To explore the value of the DEGs in the trans-regulatory networks described above,we performed similar bioinformatics analyses in the GSE26886 dataset. As a test dataset, the GSE26886 dataset contained a higher number of samples in each group.After the DEGs were identified in each comparison group (BE vs NE, EAC vs NE, and EAC vs BE) in GSE26886, we obtained the intersections between the DEGs in the trans-regulatory networks from the GSE1420 dataset and the DEGs from the GSE26886 dataset for each comparison group, respectively. Unsurprisingly, the majority of the genes in each network were included in the intersections. Moreover,all of the DEGs in each intersection exhibited the same direction of expression changes, indicating that our data are reliable and suitable for further investigation.The detailed gene lists are shown in Table 2 for the EAC vs NE group and the BE vs NE group, both of which are more relevant to the pathogenesis of EAC and BE.Additionally, the bi-cluster analysis showed that the different kinds of tissues could be distinguished (Figure 3).

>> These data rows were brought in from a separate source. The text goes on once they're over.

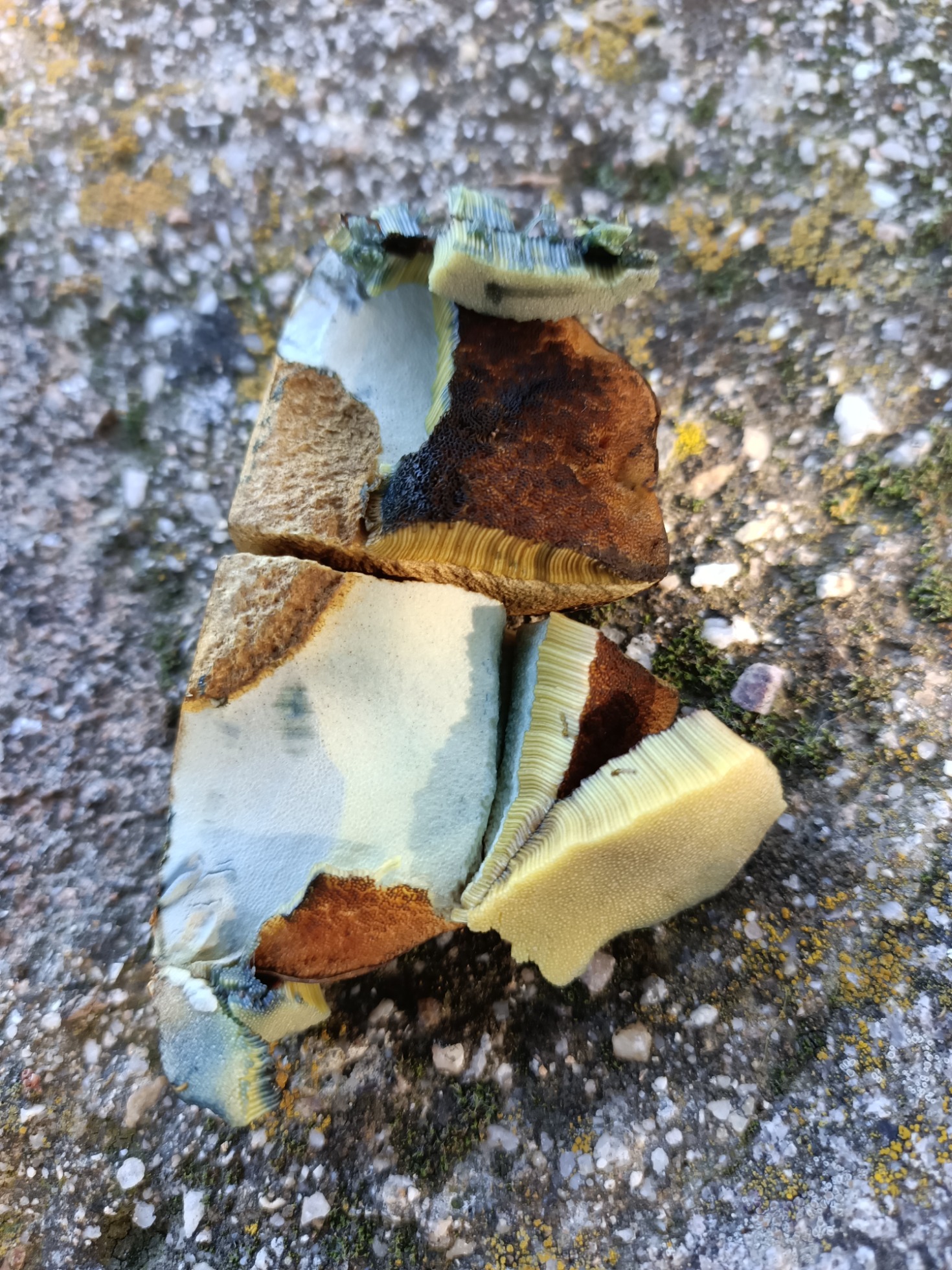 Al despegar los poros del sombrero la superficie es amarilla y vira un pelín a azul con el tiempo
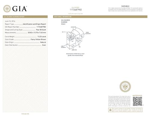 Accompanied by a GIA report numbered 1172687982, dated 10 June 2016, stating that the 13.25 carat diamond is natural, fancy yellow-brown colour.
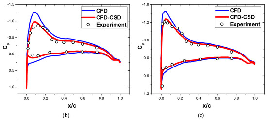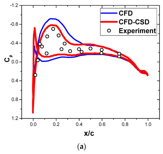 The pressure coefficient of the Helishape 7A rotor is calculated with the CFD-CSD coupling method to illustrate the utility of this method. The parameter values are Mtip = 0.656 and μ = 0.4. Figure 10 shows the pressure coefficients obtained from the CFD and CFD-CSD methods and the experimental data [16,33] of the 0.975R section on the rotor’s front and side. The azimuth angle of 0° is defined at the rear of the rotor, and it increases with the direction of the rotor. The data of concerns the front and the others concern the side of the rotor. Since the proposed method considers the effect of deformation on the aerodynamic characteristics of the blade, its results are closer to the experimental data than that of the CFD method, and the calculation accuracy is high. In this scenario, the rotor operates at high speed and with an advance ratio close to the general working state of the tiltrotor. Due to a lack of sufficient experimental data on the XV-15 tiltrotor, the coupling method is necessary to study the aerodynamic characteristics of the rotor at high rotation speeds.
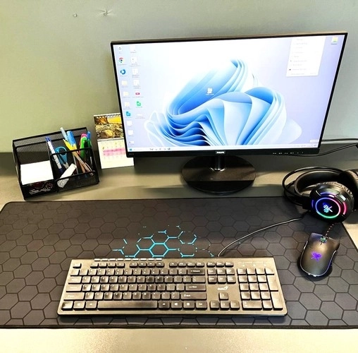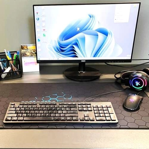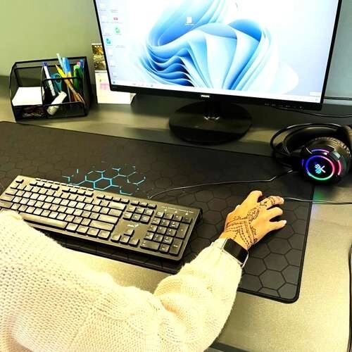 TISCHSCHUTZ UND STYLISCHES DESIGN- Die große Unterlage schützt den Tischvor Kratzern, Abrieb und weiteren Beschädigungen, die bei täglicher Nutzung entstehen können. Sie bewahrt die Tischoberfläche vor übermäßigem Verschleiß an stark beanspruchten Stellen.Das moderne Design und das „Waben“-Muster zeichnen sich durch einen zeitgemäßen, eleganten Look aus, der die Ästhetik Ihres Arbeitsplatzes oder Gaming-Setups aufwertet.
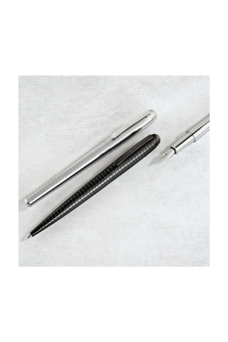 The Contour Bauhaus pen builds on the rounded, ogivoidal silhouette that has become a market favorite, with every line curved to create a fluid, seamless profile. Spaced horizontal lines bring an architectural, futuristic vibe, making the cap and barrel read as one continuous form. Plated in shiny finishes and signed with a HUGO BOSS logo on the clip, it comes in crisp chrome or deep, shiny black
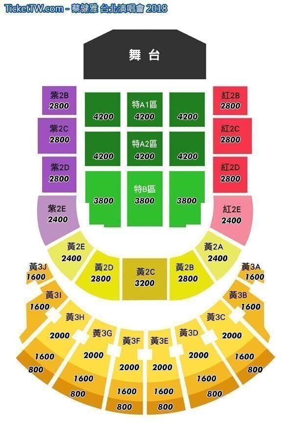 門票價錢: NT 4200 / 3800 / 3200 / 2800 / 2400 / 2000 / 1600 / 800。

We suspected that genes with higher FCs in expression might be more important to pathogenesis and carcinogenesis. Thus, we reviewed the DEGs with an expression FC of at least 5 in each intersection of the EAC vs NE group and the BE vs NE group to identify the biomarkers. TIMP1 and COL1A1 were selected for EAC, and MMP1,REG1A, CA2, and ANPEP were selected for BE. We then performed ROC analysis for these genes in both datasets. The ROC curves indicated that the expression of TIMP1 and COL1A1 could discriminate EAC from NE tissue, while the expression of MMP1,REG1A, and CA2 could discriminate BE from NE tissue (Figures 4 and 5).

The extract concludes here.